Lines to return, exactly: from the line with "La basilica è" to the line with "Platte af porcelæn" in the entries below, both included.

Records shown.
BEGIN

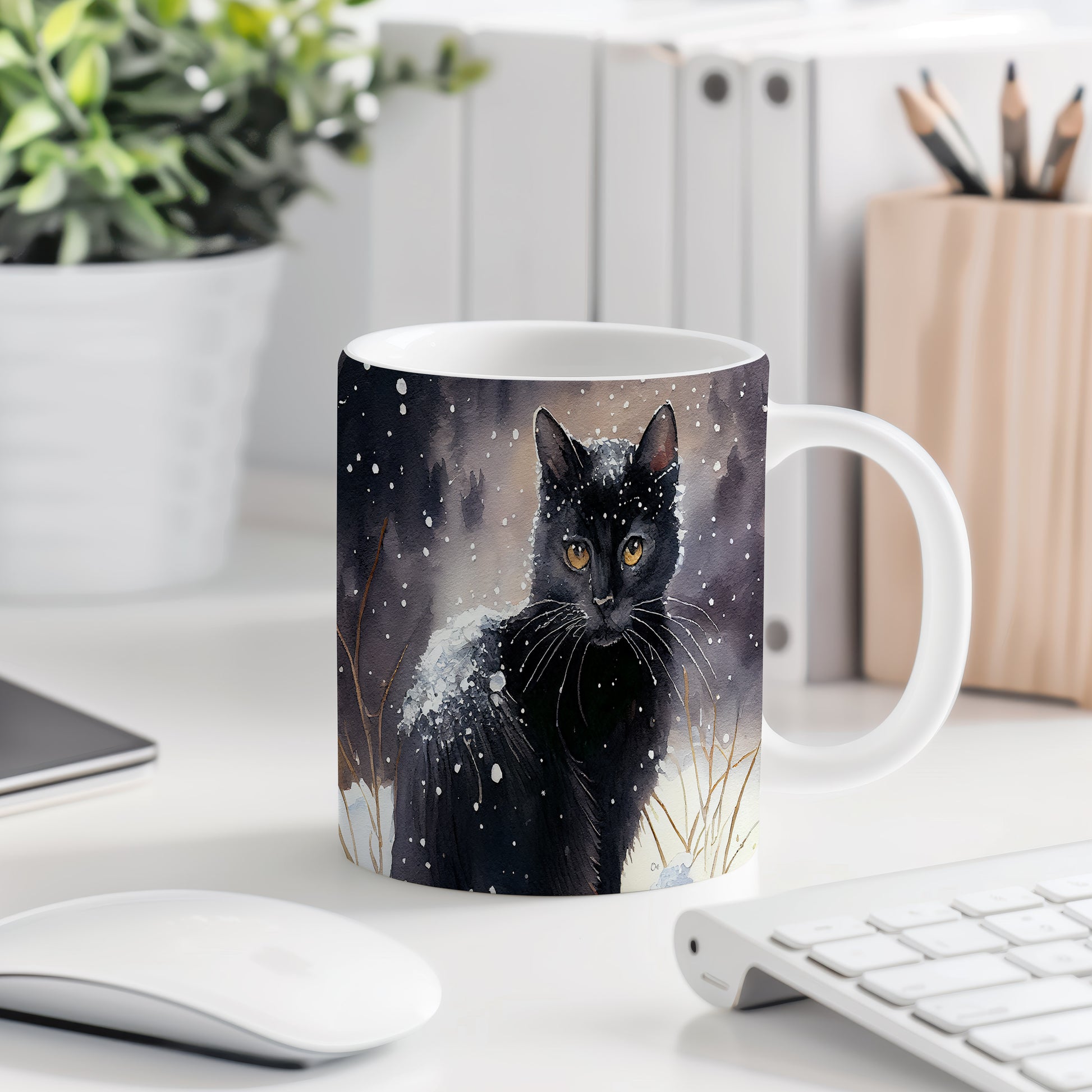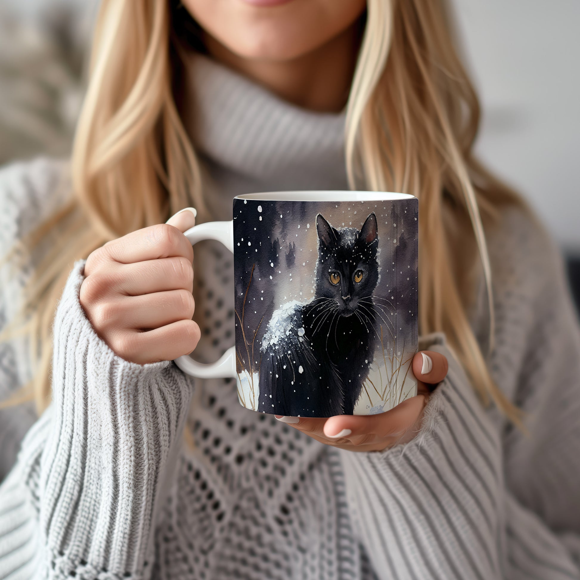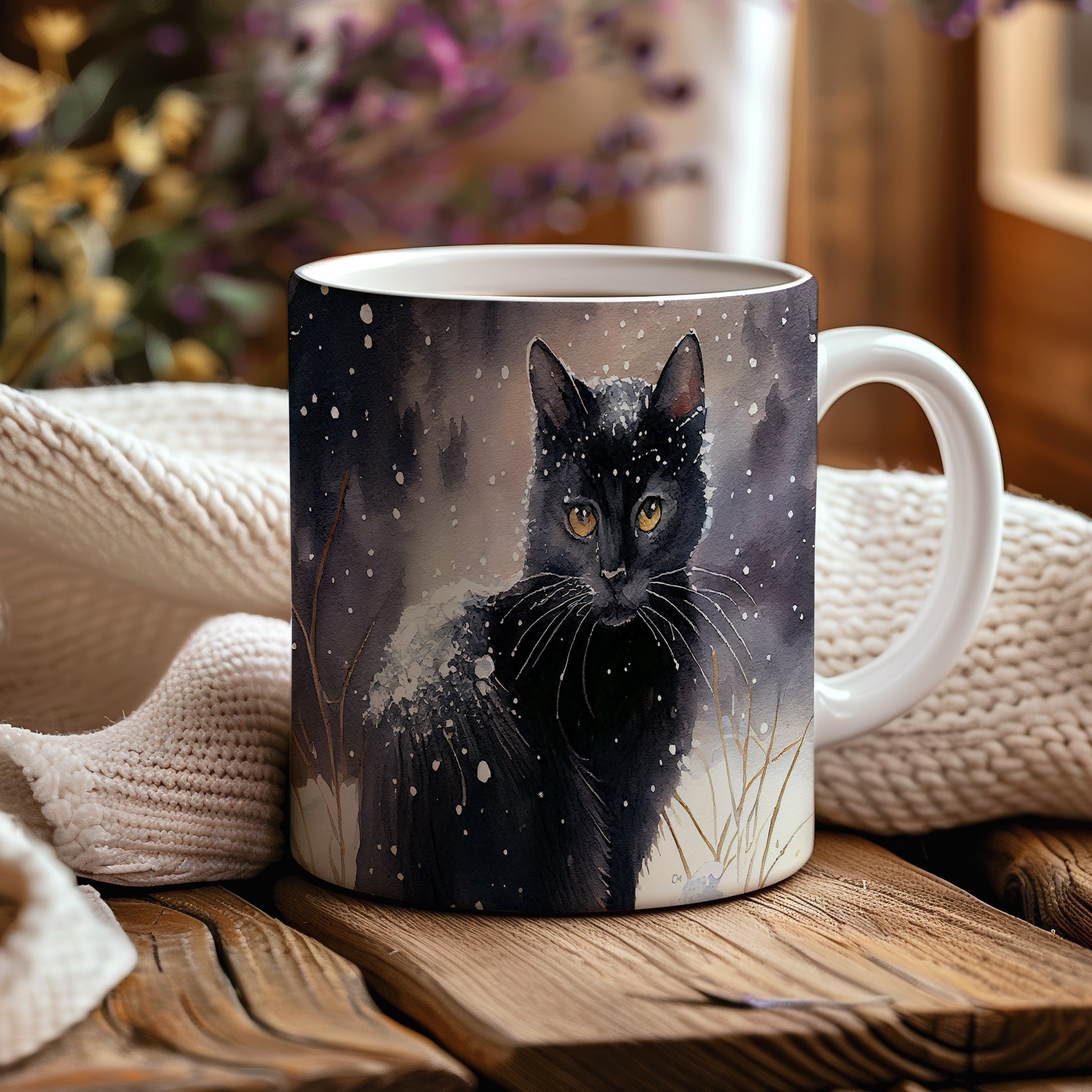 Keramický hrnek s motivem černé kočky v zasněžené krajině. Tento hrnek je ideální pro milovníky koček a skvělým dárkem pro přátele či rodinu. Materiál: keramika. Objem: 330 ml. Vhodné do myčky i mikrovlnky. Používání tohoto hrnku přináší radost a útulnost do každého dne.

END
BEGIN

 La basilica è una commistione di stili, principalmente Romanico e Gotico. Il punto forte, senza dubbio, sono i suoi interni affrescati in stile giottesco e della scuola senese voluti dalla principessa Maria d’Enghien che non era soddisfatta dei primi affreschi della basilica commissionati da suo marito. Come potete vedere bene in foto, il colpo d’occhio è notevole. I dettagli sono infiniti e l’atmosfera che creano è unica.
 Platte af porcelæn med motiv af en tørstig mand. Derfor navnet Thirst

END

Exercise response.
 La basilica è una commistione di stili, principalmente Romanico e Gotico. Il punto forte, senza dubbio, sono i suoi interni affrescati in stile giottesco e della scuola senese voluti dalla principessa Maria d’Enghien che non era soddisfatta dei primi affreschi della basilica commissionati da suo marito. Come potete vedere bene in foto, il colpo d’occhio è notevole. I dettagli sono infiniti e l’atmosfera che creano è unica.
 Platte af porcelæn med motiv af en tørstig mand. Derfor navnet Thirst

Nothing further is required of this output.